Better Music, Better World
Marie's transition was transfixing in its quiet beauty, poignancy, and mystery, and stunning in its ultimate and complete finality, irreversibility, and permanence. No place to go. No place to hide. Life's great eraser, Death, came calling, found its quarry, did its work, and left. End of story. The short poem, The Secret Sits, Marie chanced upon and came to love so long ago, says it all in saying nothing about the eternal unknowns and unknowables of existence. Life and Death — can Kant's infernal noumenal shroud imposing human ignorance about them ever be lifted? Or must Frost's poetic Secret only that knows be the sole inaccessible holder of final truth? Our name challenges us to not let reality's indifference stand — to our species, our individual selves, our quest to know; indifference too to all life, its individuals, and their searches for their knowledge and existence.
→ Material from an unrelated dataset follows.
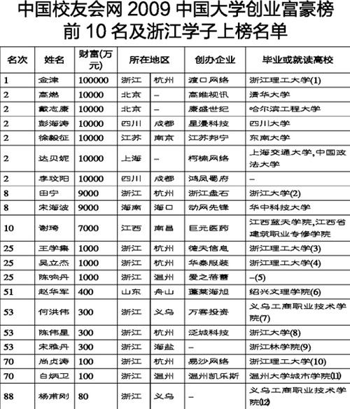 6月24日,网络上出现一张“2009中国大学创业富豪榜”,其中“第一首富”竟出自浙江——是网游新锐杭州渡口网络的金津,毕业于浙江理工大学。榜单里还有郭敬明,排行15,“财富”为3500万元。
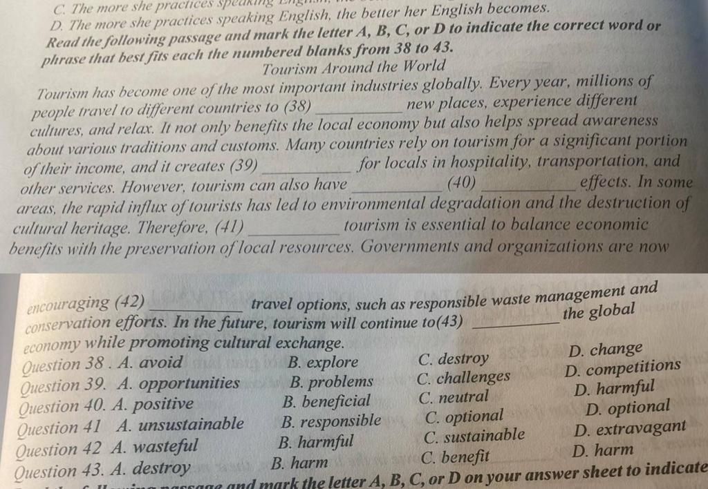 `=>` Hoặc dựa vào đoạn sau : In some areas, the rapid influx of tourists has led to environmental degradation and the destruction of cultural heritage. ( Ở một số khu vực, lượng khách du lịch đổ đến nhanh chóng đã dẫn đến suy thoái môi trường và phá hủy di sản văn hóa).

Our blind but continuing-to-search answers to these questions are — to the first, Yes; to the second, No. We have to keep searching. It is in our nature, and we choose to surmise in that of all life too, to endeavor collectively to breach the opaque barrier to final knowledge, even knowing everything in its own time will fail because the Ages have all failed before, always. Except, ... except, out of pressing yet again in each Age from an ever-expanding base of human knowledge, the Secret could one time open up a micro-fissure to the shimmer beyond — that proverbial first domino at last, delivered up from the final words of Frost's curt poem, "... and knows." And knows! It knows, we don't. Not yet.